# Aug 2018 Liuterary Maneuvers - "Woman From The Void / Last Day On Earth" - scores



## bdcharles (Sep 8, 2018)

Ah, the scores, the scores. Where would we be without knowing just how we stack up in our writing? We'd be stumbling through endless night, that's where. So with that foremost in mind, and given that in my view this was a pretty solid brace of entries, here are August's ones. 


*Ned *says:

Exodus
velo


SPaG 5/5
Tone and voice 4/5
Effect 5/10
Total 14


An enjoyable story. That starts with science-fiction and ends in the spiritual. Well written for the most part, with solid, natural dialogue and a clear direction in the narrative. The prompts were incorporated well enough.


The opening paragraph is a bit jumbled. It is important to get this right, to draw the reader in.
You set the scene, which is fine - but we have quiet, which for some reason makes it hard to think - and also a cacophony, which is felt?


Personally, I'm not a fan of magic tricks to resolve a story - but I understand we are dealing with fantasy here. The scream at the end is a bit melodramatic.

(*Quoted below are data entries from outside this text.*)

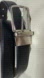 Elegant black leather belt featuring a sleek silver buckle. Perfect for any occasion. The metal part lifts up and twists to make it reversible
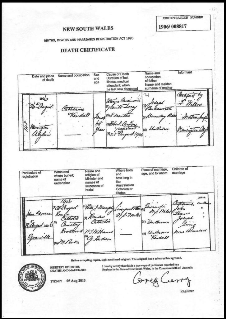 Catherine died 26 August 1906. Catherine’s death certificate states her father was Joseph Budsworth, and his occupation was ‘Boundary Rider’. It states the maiden surname of her mother was unknown.
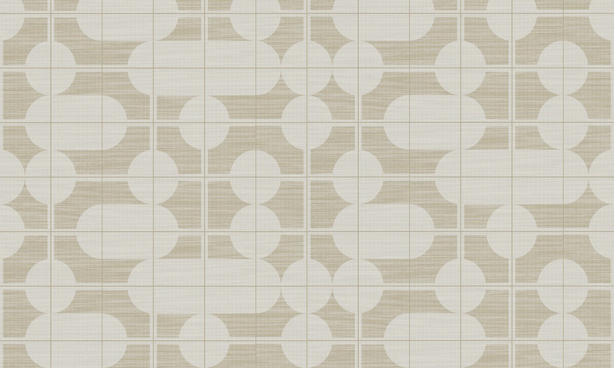 Een tekening geïnspireerd op de sterk opkomende trend van meubels en decoraties met elegante, glooiende lijnen en uitgesproken ronde vormen. De cirkels contrasteren mooi met het subtiele, geometrische rasterpatroon.
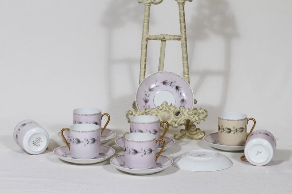 Arabia OC mokkakupit, käsinmaalattu, 6+1 kpl, suunnittelija Esteri Tomula, käsinmaalattu

Some missing commas here and there - 'It's so quiet now, it's hard to think.' - but generally the SPaG was good.

Thank you for an entertaining entry and an original take on the prompts.




Eclipse
Dormouse


Spag 5/5
Tone and Voice 2/5
Effect 3/10


Total 10


Science fiction, fabulous. We have spaceships and aliens - but it doesn't really hang together.
Needing more clearer narration to drive it forward.


We have the present in the past tense - and then the past in the present tense - rather unintuitive.


The descriptions seem incomplete, causing confusion - 'the on board (onboard) computer scanned the ship' - what ship?
Then we jump straight into a conversation - where are we? - set it up with a brief description.
The regent sat in his cabin planning strategy for a meeting with his commanders. Saves all that detail being explained in the drawn out dialogue.


The story is dialogue driven, but too often, came across as unnatural - 'they are dead. they're all dead' - who?
“My son will be on Mars by now he left last night.” - give it realism and drama - “My son left the ship last night. He'll be on Mars by now!”


The idea for the story is good, War of the Worlds from the Martian POV, and a nice twist on the prompt. Thank you for your entry.




6th August 2318 AD/350 AA
Jonthom


Spag 5/5
Tone and Voice 4/5
Overall effect 4/10
Total 13


The prompts lend themselves well to science-fiction. And here we have a dystopia, well wrought with good dialogue and narration, all contained within the 'interview room'. (interrogation room would put it better)


A couple of things seemed odd - she gave her name as simply 'Kate', strangely, the inspector seemed happy with that. An opportunity wasted to underline her misplacement, with no records, ID etc...
The inspector used a gauntlet on her - a bit medieval for 2318, where quantum devices abound, it could be more creative.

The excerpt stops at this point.